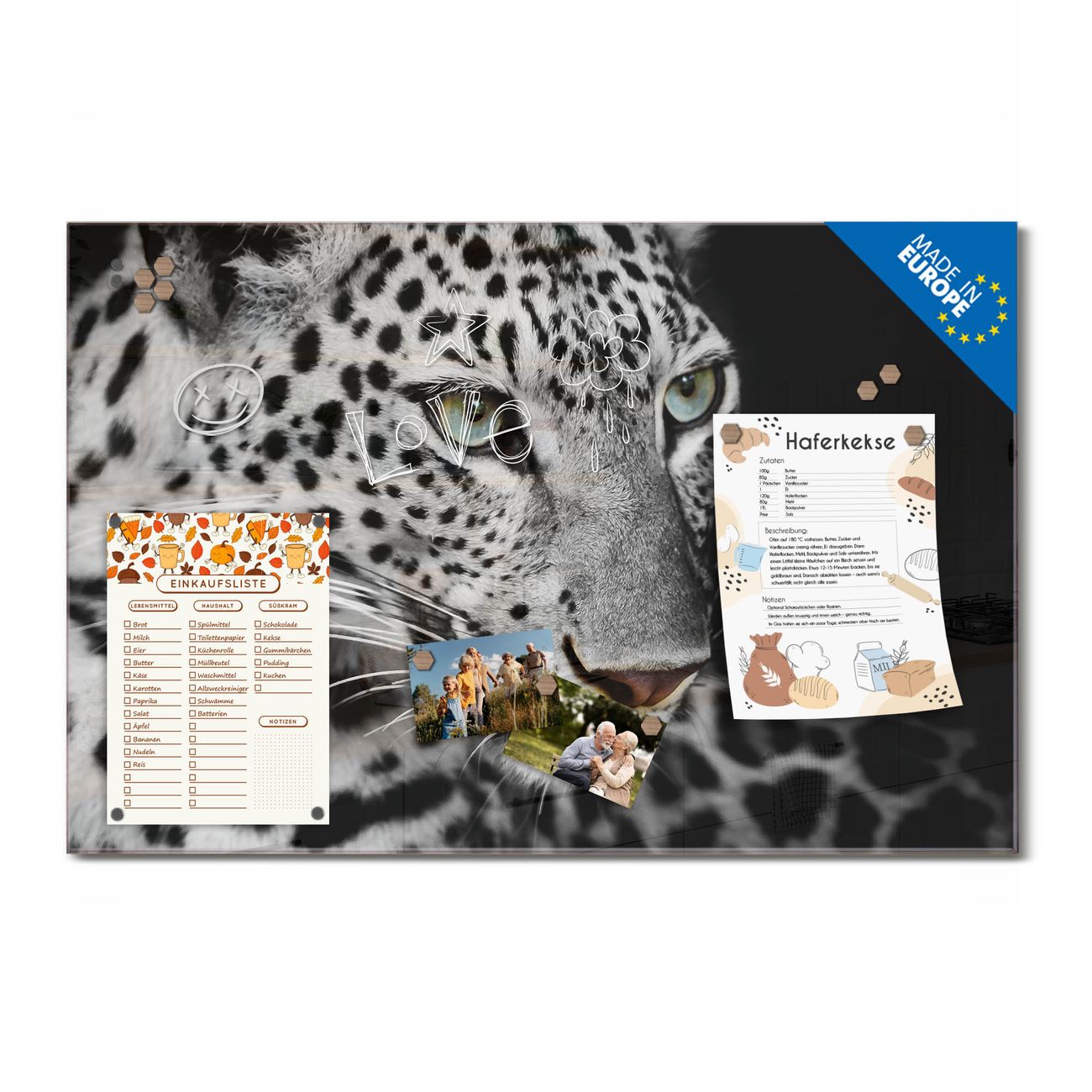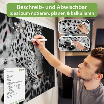 Auf der glatten Glasoberfläche lassen sich Termine, Rezepte oder Notizen ganz einfach mit Kreidestiften festhalten und rückstandslos entfernen. Starke Neodym-Magnete halten Ihre wichtigsten Erinnerungen sicher an Ort und Stelle. So entsteht Ihre ganz persönliche Ideenwand - jeden Tag neu.
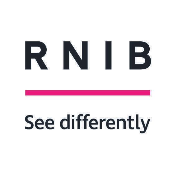 (Image shows RNIB logo. 'RNIB' written in black capital letters over a white background and underlined with a bold pink line, with the words 'See differently' underneath)
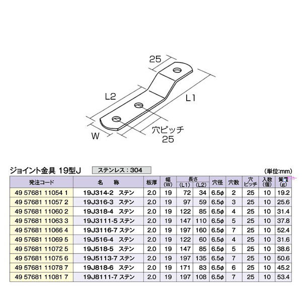 ジョイント金具 19型J 19J818ー6 ステンレス 10個入 DIY・棚 1100100016095 1箱(10個入)(直送品)
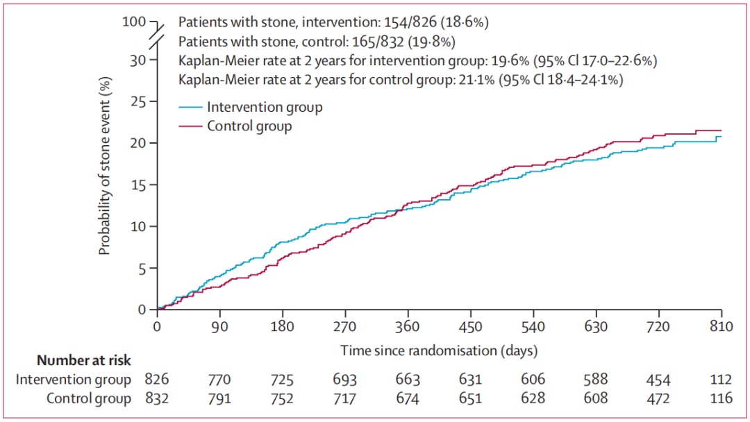 但最关键的核心结果,却打破了传统认知:干预组症状性结石复发率为18.6%(154人),对照组19.8%(165人),两组无统计学差异。简单来说,就算成功让患者多喝了水、尿量变多,但结石复发的概率并没有降低。
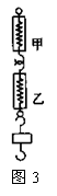 4. 如图3,两轻质弹簧和质量均为m的外壳组成甲、乙两个弹簧秤,将提环挂有 质量为M的重物的乙秤倒挂在甲的挂钩上,某人手提甲的提环,向下做加速 度a=0.25g的匀加速运动,则下列说法正确的是( )
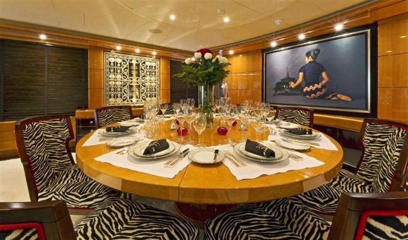 Yacht LADY MM has chic eclectic interior designed by Janet Leroy and features fabulous areas to unwind.
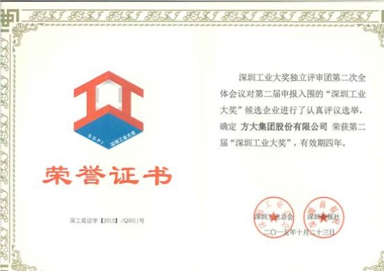 庄闲官网集团荣获第二届深圳工业大奖企业奖(证书)
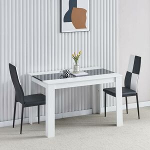 Dining Table and Chairs Set --- Technical Information Table Size 80x120x74.5 cm / 31.5x47.2x29.3 inch in DxWxH Distance between table legs 59 cm/23.2 in and 98 cm/38.6 inch Seat Size (W) 51 x (D) 40 cm / 20.08 x 15.75 inch Seat Height 45 cm / 17.72 inch Backrest Height 49 cm / 19.3 inch Weight capacity of chairs 200 lbs. Dining Table 120x80 cm rectangular white black dining table. Easy to clean The tabletop can be easily cleaned. Separate Parcels The items will be sent separately in 2-3 parcels. Assembly Required The item comes in flat-pack and requires self-assembly. Choose Your Dining Chairs! Flannel Linen Faux Leather Assembly Note: While assembling, please do not tighten the screws totally at first in order to avoid damage to other parts/boards/plates. All the all part are in position, then fully tighten all the screws. Attention Please! Mainland England, Scotland and Wales deliveries only. We do NOT deliver to Northern Ireland. We are committed to excellent products and satisfied
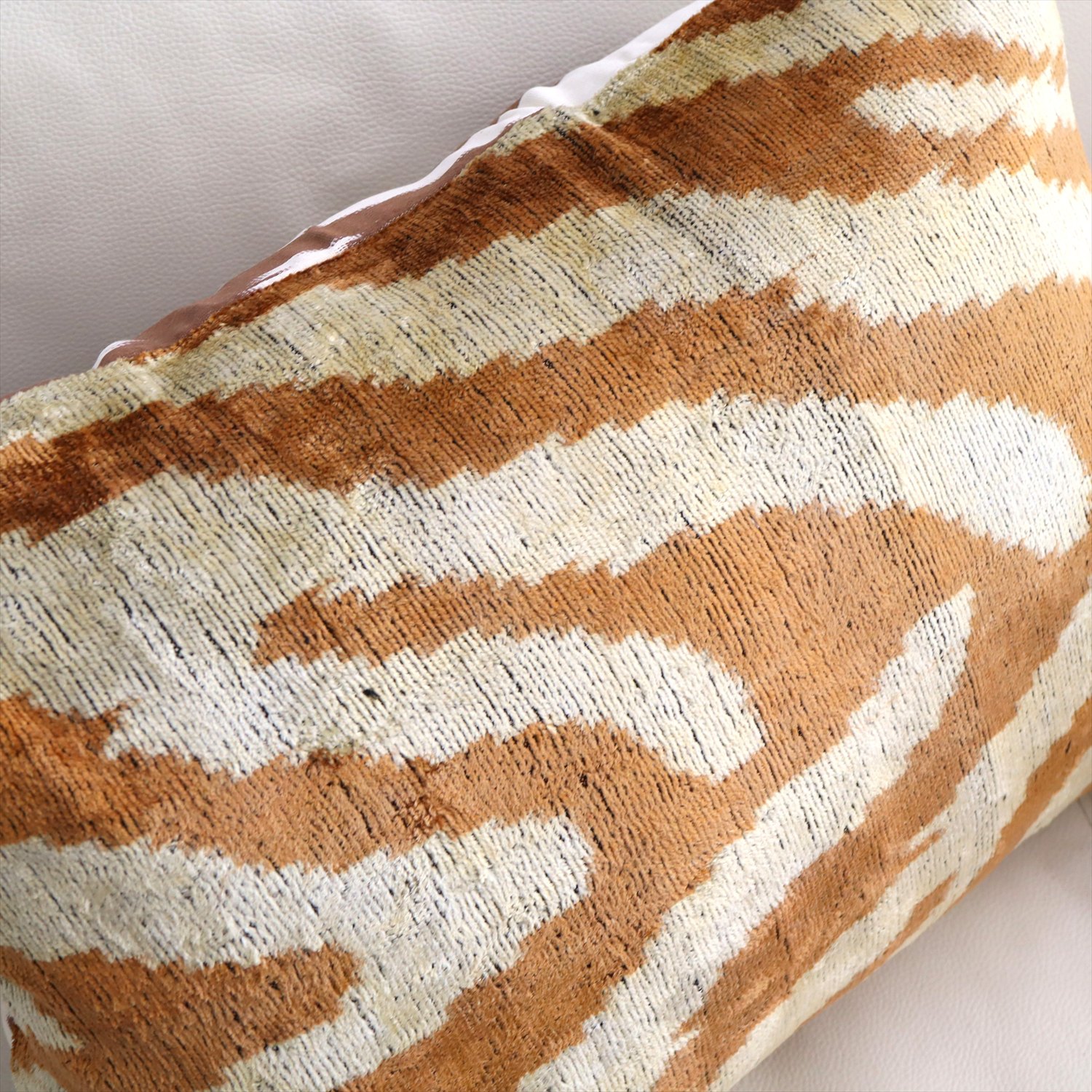 - アトラス ベルベットイカットクッションカバー 両面シルク ゼブラ柄 ブラウン Silk Velvet Cushion - Double-Sided Design

- _How to complete this task_:
Only the lines above starting with the line with "Yacht LADY MM" and going on through the line with "庄闲官网集团荣获第二届深圳工业大奖企业奖(证书)" belong in the answer; repeat them exactly, minus any picture.

- _Response area_:
 Yacht LADY MM has chic eclectic interior designed by Janet Leroy and features fabulous areas to unwind.
 庄闲官网集团荣获第二届深圳工业大奖企业奖(证书)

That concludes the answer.